Reading news of Breonna Taylor, George Floyd, and Elijah McClain, I came across a sentiment that gave me chills: On the Impossibility of Freedom in a Country Founded on Slavery and Genocide.

How perfectly it captured the need for Black Lives Matter, as well as the violent and inane fight against it. I passed on the phrase to a close friend who magnanimously replied “Oh yeah, Dread Scott.”

Turns out Dread Scott is a “revolutionary artist” who I need to know a lot more about. The sentence On the Impossibility of Freedom in a Country Founded on Slavery and Genocide is also the name of a 2014 performance piece he did in response to the murder of Michael Brown.

This is the rare performance whose images seem as impactful as being there.
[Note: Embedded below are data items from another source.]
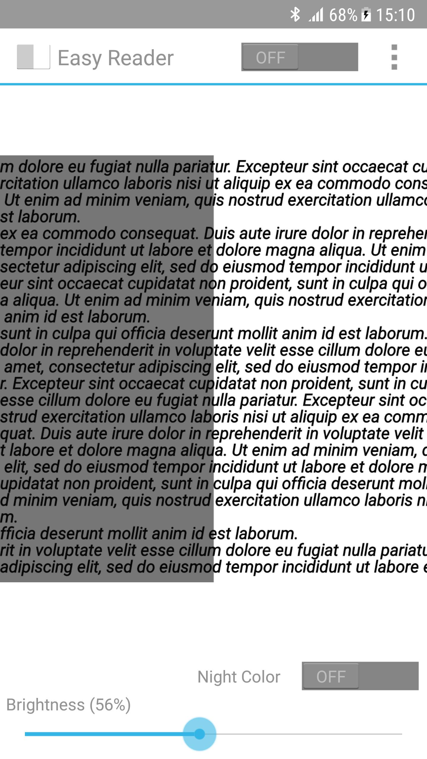 Easy Reader allows you complete control over your screen brightness to allow comfortable reading by night.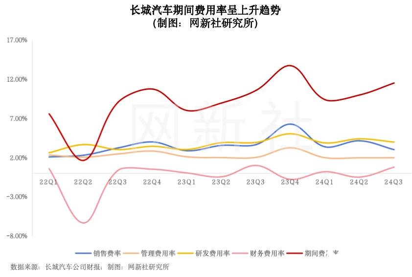 根据财报,长城汽车三季度期间费率为11.6%,其中,销售/管理/研发/财务费用率分别为4.8/2.0/4.0/0.8%。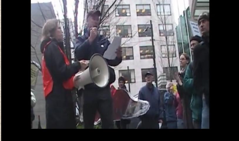 This is a TV news story about an environmental protest rally in Vancouver BC, near the site where Canada's provincial...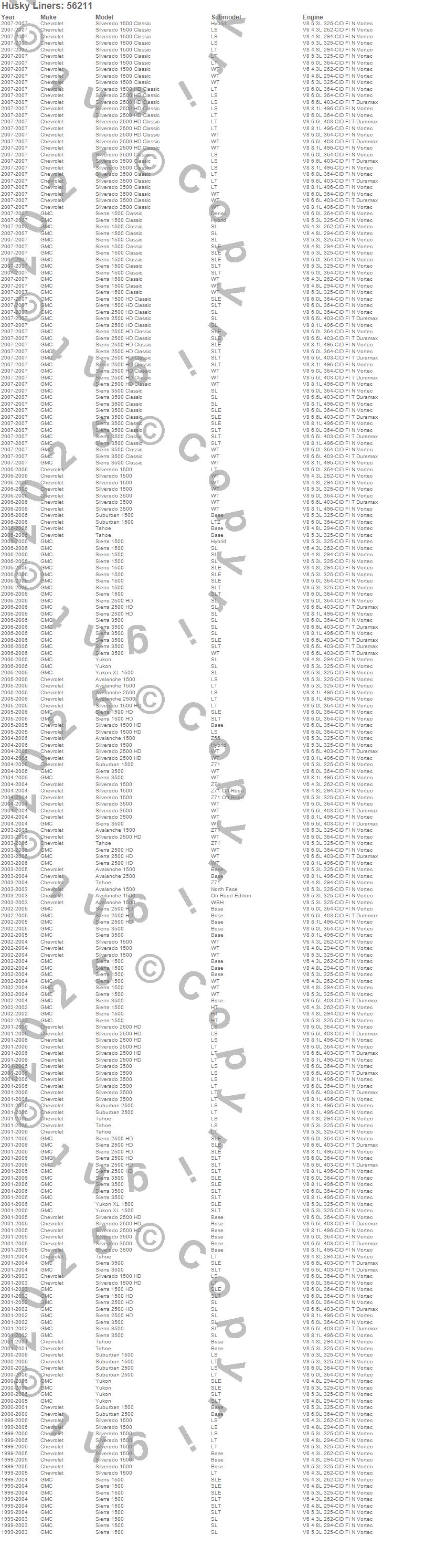 Brand: Husky LinersPart Number: 56211Mud Flap Type: BlackUPC: 753933562113

Documentation of On the Impossibility of Freedom in a Country Founded on Genocide and Slavery, a performance by Dread Scott, 2014.
Documentation of On the Impossibility of Freedom in a Country Founded on Genocide and Slavery, a performance by Dread Scott, 2014. Produced by More Art. Photography by Mark Von Holden Photography (c) Dread Scott
Documentation of On the Impossibility of Freedom in a Country Founded on Genocide and Slavery, a performance by Dread Scott, 2014. Photographed by Mark Von Holden
Dread Scott, On the Impossibility of Freedom in a Country Founded on Slavery and Genocide, performance still 2, 2014. Courtesy of the artist. Photograph: Mark Von Holden Photography. Project produced by More Art

Scott adumbrates the performance on his website:

In the performance, I made a Sisyphean attempt to walk forward while repeatedly battered and occasionally knocked down by a water jet from a fire hose.  The performance references this history as a metaphor for a larger struggle for freedom and had inescapable references to present day struggles against racism, most recently witnessed on the streets of Ferguson, MO in response to the police murder of Michael Brown.